A single 42-degree disc-centred image per eye was captured on the fundus on phone non-mydriatic (FOP NM-10) device (Remidio Innovative Solutions Pvt. Ltd, Bangalore, India). All acquired images were subjected to evaluation by the inbuilt image quality algorithm. The image quality assessment is based on the visualization of the optic disc, surrounding nerve fibre layer and 3rd-order vessels. If the image was of insufficient quality, the operator was alerted to take another image. The operator made a maximum of 2 attempts to get an image of sufficient quality.

Patients also underwent a single 30-degree disc-centred stereoscopic image captured on a standard tabletop fundus camera (Kowa NM WX-3D stereoscopic camera, Kowa, Japan). Following this, they underwent imaging of the optic disc using an SD-OCT device (Zeiss Cirrus SD-OCT, Dublin, CA). The optic nerve head and retinal nerve fibre layer were imaged using the optic disc cube scan.

Visual field examination (Humphrey visual field 24-2 or 10-2 programme) was performed in all new cases to establish the diagnosis of glaucoma and in confirmed cases if it was beyond 1 year since the last reliable fields.

All images were stored as JPEG files after removing patient identifiers and assigning a randomly generated unique numerical identifier linked to the participant’s study ID number.

Final diagnosis

The glaucoma specialists (SS, SS, JVP) corroborated all the test results for a final diagnosis and categorized each eye into normal, glaucoma suspects, or glaucoma based on a predefined criteria [10] (Supplementary Methods Section 2). The worse eye diagnosis constituted the patient-level diagnosis. This was used as a reference standard against the binary output of the AI for referable glaucoma.
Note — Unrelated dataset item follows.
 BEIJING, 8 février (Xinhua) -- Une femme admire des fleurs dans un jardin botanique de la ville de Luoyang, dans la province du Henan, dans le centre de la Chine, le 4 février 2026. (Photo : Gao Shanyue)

‘Referable glaucoma’ referred to those with glaucoma and ‘No referable glaucoma’ included glaucoma suspects and normal.

Fundus image quality control and grading

All the images captured using the Kowa stereoscopic camera and the FOP-NM 10 device were evaluated by three fellowship-trained glaucoma specialists (SS, SS, JVP). They were masked to the clinical examination details, investigational reports as well as each other’s grading. The graders initially evaluated the quality of the images as excellent, acceptable, or insufficient based on the criteria mentioned in Supplementary Methods Section 3. Excellent and acceptable grades qualified as sufficient image quality. A predefined criterion from previous population studies was used by the specialists for making a provisional diagnosis (unlikely glaucoma, disc suspects or likely glaucoma) of glaucoma as mentioned in Supplementary Methods Section 4 [11,12,13,14]. Glaucoma severity was determined based on visual field MD as per Hodapp-Parish and Anderson criteria. Mean Deviation (MD) less than –6 dB was early, −6 to –12 dB was moderate and worse than –12 dB was defined as severe disease [15].

‘Referable’ glaucoma referred to those with likely glaucoma and ‘No referable glaucoma’ included disc suspects and unlikely glaucoma.
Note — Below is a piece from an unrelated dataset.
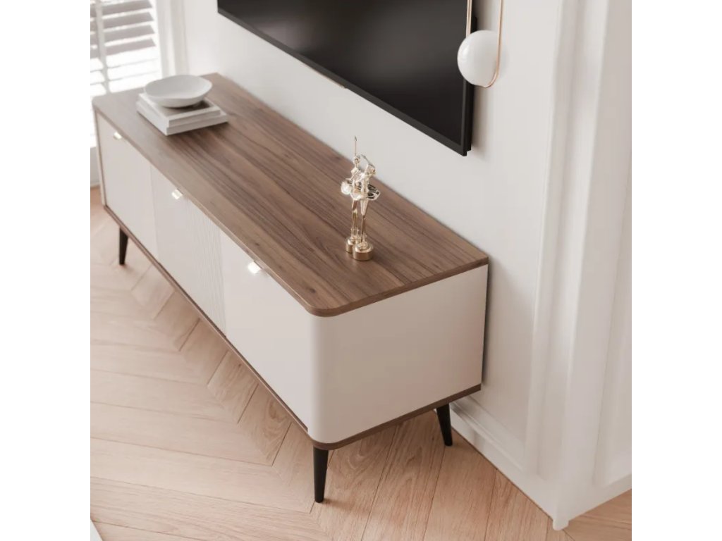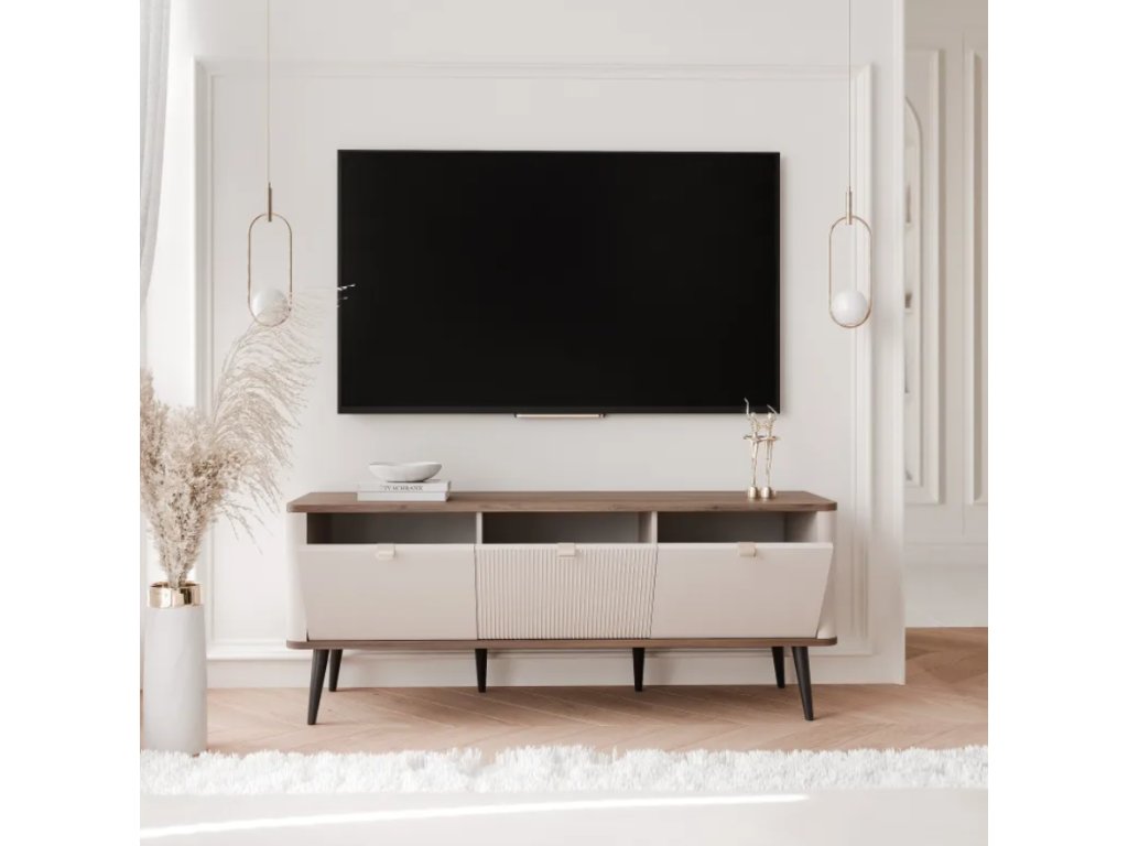 TV skrinka NICOLA so šírkou 130 cm je štýlový a praktický kus nábytku, ktorý sa bude perfektne hodiť do moderného interiéru. Vybavená tromi priestrannými úložnými priestormi a systémom tichého zatvárania zaručuje pohodlné skladovanie a pohodlie každodenného používania.

Automated referable glaucoma AI detection system

The AI system consists of two main components: a cup and disc segmentation model and a binary classification model. The segmentation model has been described and externally validated in a prospective study [16]. The classification model segregates images with glaucoma from suspects and normal eyes. It has been trained using 6674 images. 1813 (27.2%) were glaucoma, 1142 (17.1%) were suspects and 3719 (55.7%) were normal eyes. 4373 images (65.5%) were captured using the Remidio FOP (target deployment device), and 2301 (34.5%) using desktop fundus cameras. 5082 images (76.1%) were captured on a South Asian population, and 1592 (23.9%) on a Caucasian population. The model uses a ResNet-50 architecture and was pre-trained on the ImageNet dataset. Additionally, the datasets were carefully curated during development such that there was no overlap of patient data during training and testing. Two other assistive AI models were trained. The first is a quality check which outputs an indication of sufficient image quality for a reliable glaucoma diagnosis. The second is a disc localization model. It detects the location of the centre of the disc in the retinal image. The disc coordinates are used to crop a region of interest around the disc. This is a pre-processing step for the two main AI models (segmentation and classification algorithms). Supplementary flowchart summarizes the different elements of the AI system. This study was conducted following AI development and internal testing.

The images of all the participants were analysed using the AI tool. The AI graded the images as Referrable or No Referable Glaucoma. Referrable glaucoma included those with likely glaucoma requiring immediate referral and no referable glaucoma included disc suspects and no glaucoma. The AI also categorizes images with high VCDR (vCDR 0.7–0.85) and no other glaucomatous disc changes as ‘high VCDR (disc suspect)’ with a non-urgent referral to the ophthalmologist.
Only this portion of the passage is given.